TO DO
From the entries below, reproduce exactly the lines from the one with "Robe Salopette femme" through the one with "A happy Chihuahua", both included, without images.

SUPPLIED ENTRIES
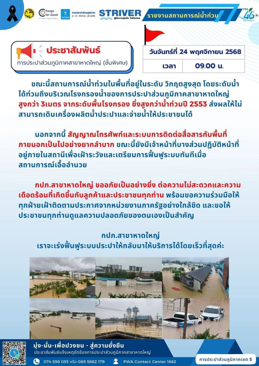 กปภ.สาขาหาดใหญ่ ขออภัยเป็นอย่างยิ่ง ต่อความไม่สะดวกและความเดือดร้อนที่เกิดขึ้นกับลูกค้าและประชาชนทุกท่าน พร้อมขอความร่วมมือให้ทุกฝ่ายเฝ้าติดตามประกาศจากหน่วยงานภาครัฐอย่างใกล้ชิด และขอให้ประชาชนทุกท่านดูแลความปลอดภัยของตนเองเป็นสำคัญ
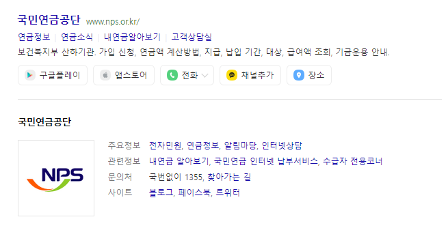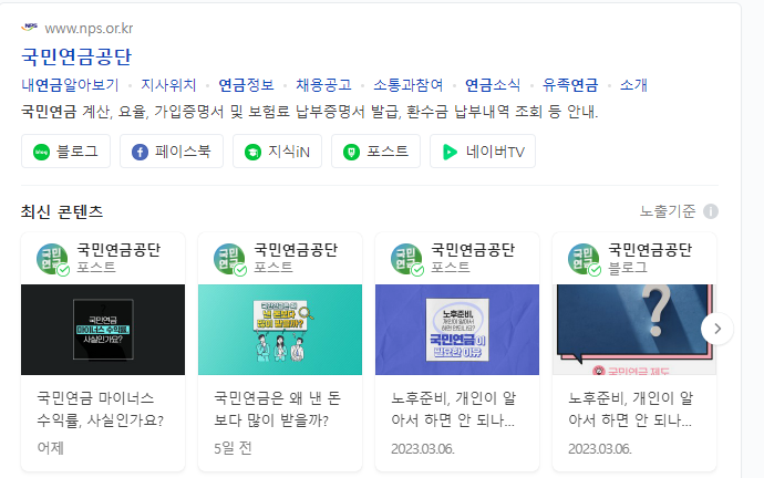 검색 결과 상단의 국민연금공단을 클릭하세요.
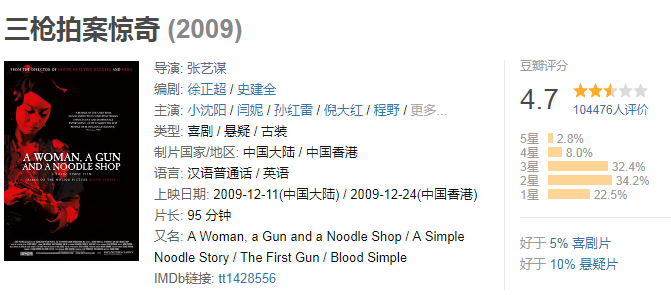 但最终,“三枪”换来的是:“庸俗”、“无聊”、“加长版小品”,以及4.7分的差评,沦为“烂片”。
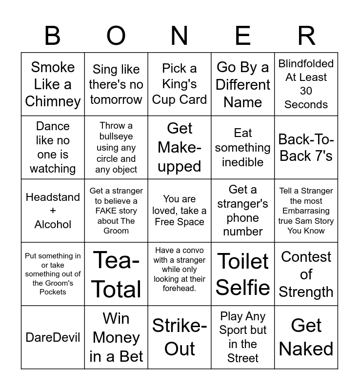 This bingo card has a free space and 24 words: Tea-Total, Win Money in a Bet, Get Make-upped, DareDevil, Blindfolded At Least 30 Seconds, Smoke Like a Chimney, Dance like no one is watching, Sing like there's no tomorrow, Get a stranger's phone number, Have a convo with a stranger while only looking at their forehead., Eat something inedible, Headstand + Alcohol, Toilet Selfie, Contest of Strength, Throw a bullseye using any circle and any object, Play Any Sport but in the Street, Tell a Stranger the most Embarrasing true Sam Story You Know, Pick a King's Cup Card, Back-To-Back 7's, Get a stranger to believe a FAKE story about The Groom, Get Naked, Put something in or take something out of the Groom's Pockets, Go By a Different Name and Strike-Out.
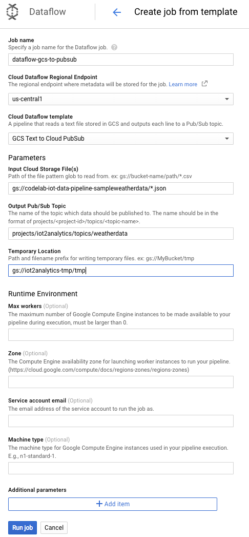 - Para los archivos de Cloud Storage de entrada, ingresa gs://codelab-iot-data-pipeline-sampleweatherdata/*.json (este es un conjunto de datos públicos).
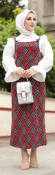 Robe Salopette femme à carreaux (Vente en ligne Prêt à porter femme musulmane) - Couleur gris et rouge - REF. 32831 (18.00 €) - En Promotion à 16.90 €
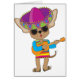 A happy Chihuahua with foot tapping and tail wagging, is playing the guitar while in show costume, complete with a large Mexican sombrero.
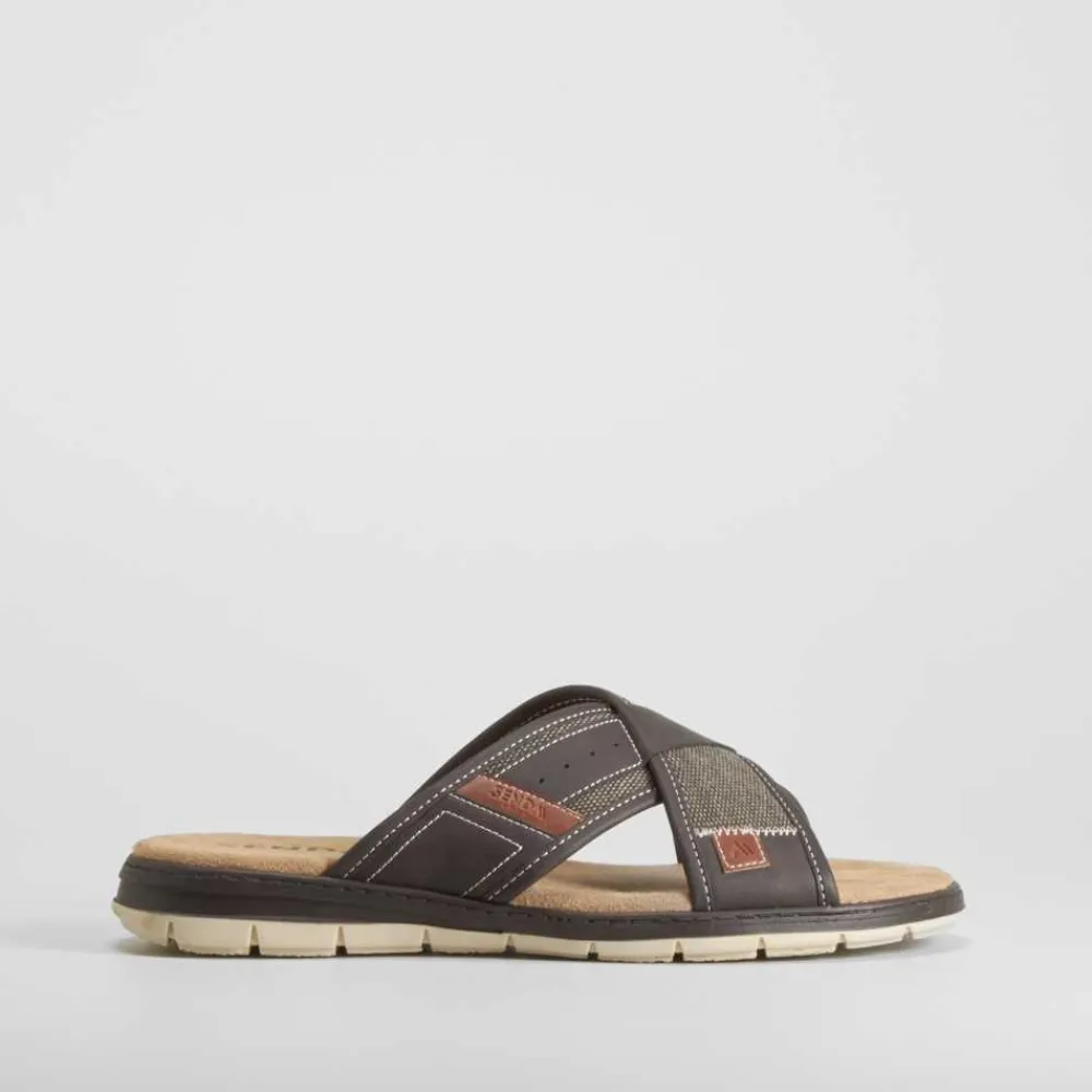Clearance Sandalia pala cruzada acolchada marrón Hombre Sandalias

REPLY
 Robe Salopette femme à carreaux (Vente en ligne Prêt à porter femme musulmane) - Couleur gris et rouge - REF. 32831 (18.00 €) - En Promotion à 16.90 €
 A happy Chihuahua with foot tapping and tail wagging, is playing the guitar while in show costume, complete with a large Mexican sombrero.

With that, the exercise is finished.